In the fight over solar development, Heath said he was bombarded by just about every argument from critics — including claims that solar fields are a health hazard. “I’ve heard them say that, but I’ve never heard anybody prove that,” Heath said.
“The health and safety issue,” he added, “that is just a joke.”
Michigan has big prospects in solar farming — measured by the expected growth in the capacity of its farms to add electricity directly to the grid. According to the U.S. Energy Information Administration, most of the nation’s new capacity from this type of solar farm is planned this year for four states, including Michigan. The others, with their hot deserts and big-sky plains, seem more obvious: Texas, Arizona and California.
To some, in Michigan and beyond, this growth feels dangerous. They pressure public officials to stop, stall or otherwise complicate new solar projects with an array of arguments that now go beyond just land use to include public health.
There is little reputable evidence to back their claims. But health concerns have helped power a solar backlash that undercuts efforts to broaden energy sources even as customer costs are rising.
Restrictions on solar development are proliferating nationwide, “often rooted in misinformation or unfounded fears,” including ones that involve “potential environmental and human safety risks,” according to an article published late last year in the Brigham Young University Law Review.

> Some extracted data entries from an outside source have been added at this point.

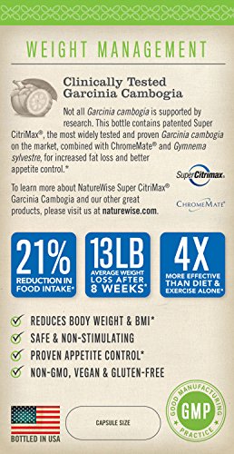 SAFE & NATURAL: NatureWise Super Citrimax Garcinia Cambogia is 100% natural, non-stimulating and non-addictive. No chemicals, artificial additives or fillers. Just clean, plant-based ingredients that are friendly to your body and safe to take long-term.
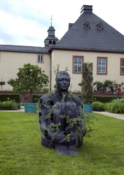 Der international renommierte spanische Künstler Jaume Plensa hat im Rahmen der "Blickachsen" bereits mehrfach ausgestellt. Leitmotiv für seine Arbeit ist ein Satz von William Blake: "Ein einziger Gedanke füllt die Unendlichkeit." Das schriftliche Wort ist als Material ein wichtiges Element in Plensas Werken, die nachhaltig die Imagination des Betrachters ansprechen. Sein Ziel ist die poetische Verdichtung und gedankliche Durchdringung des Raums. In "Blickachsen 7" ist Plensa mit drei Arbeiten vertreten. Die fünf Meter hohe, aus filigranen Lettern zusammengesetzte Stahlfigur "Nosotros" (wir) sitzt gewissermaßen als Volk der Welt zwischen den historischen Denkmälern des Kaisers und der Kaiserin auf dem Schmuckplatz. Nachts scheint die beleuchtete Skulptur von Innen heraus zu strahlen. Die mit den Namen bekannter Musiker beschriftete Aluminiumfigur "Serguei Prokofiev" ist eine der Arbeiten, die Plensa als "Gefäße für die Seele" beschreibt. Ebenso die im Orangeriegarten des Schlosses aufgestellte Bronze "Alchemy": Aus dem Inneren der mit Schriftstellernamen versehenen Figur wächst eine Pflanze als Verstofflichung von Ideen und Erkenntnissen heraus.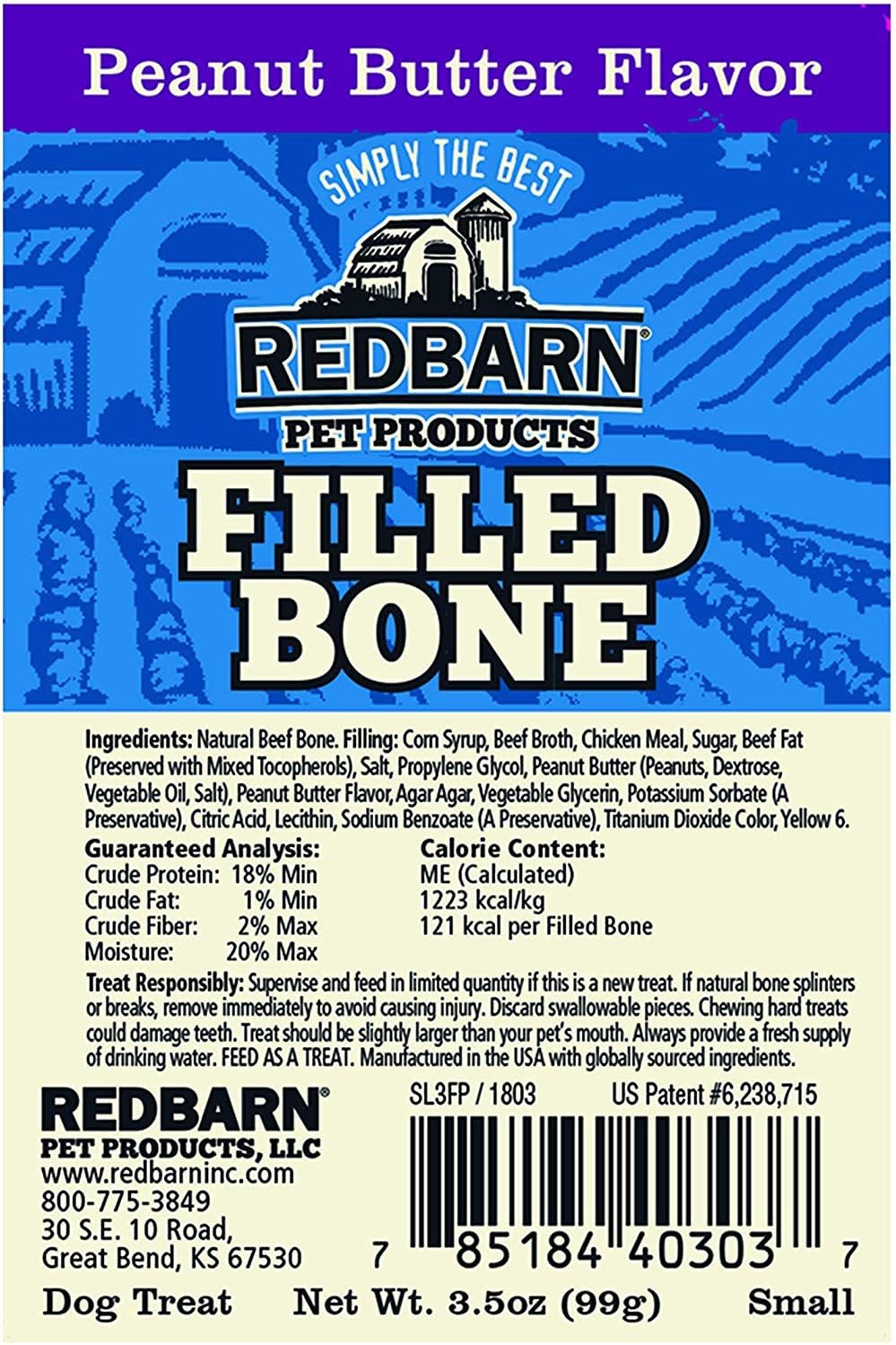 Redbarn Filled Dog Bones, Natural Long-Lasting Dental Treats; Suitable for Aggressive Chewers(Peanut Butter)

To generate electricity, solar projects harvest energy from the sun. “And that’s really not that different from what a field of corn or alfalfa does,” said Troy Rule, the Arizona State University law professor who authored the article. “In fact, arguably, it’s even more environmentally friendly.”
Still, a state board in Ohio rejected an application for a solar project last month, citing local opposition, even though its staff initially said it met all requirements. Along with other concerns, according to the board, opponents “testified about the potential impacts on the health of residents.”
A bill in Missouri would halt commercial solar projects in the state, including those under construction, through at least 2027, as a state agency develops new regulations. The bill’s emergency clause says this is “deemed necessary for the immediate preservation of the public health, welfare, peace, and safety.”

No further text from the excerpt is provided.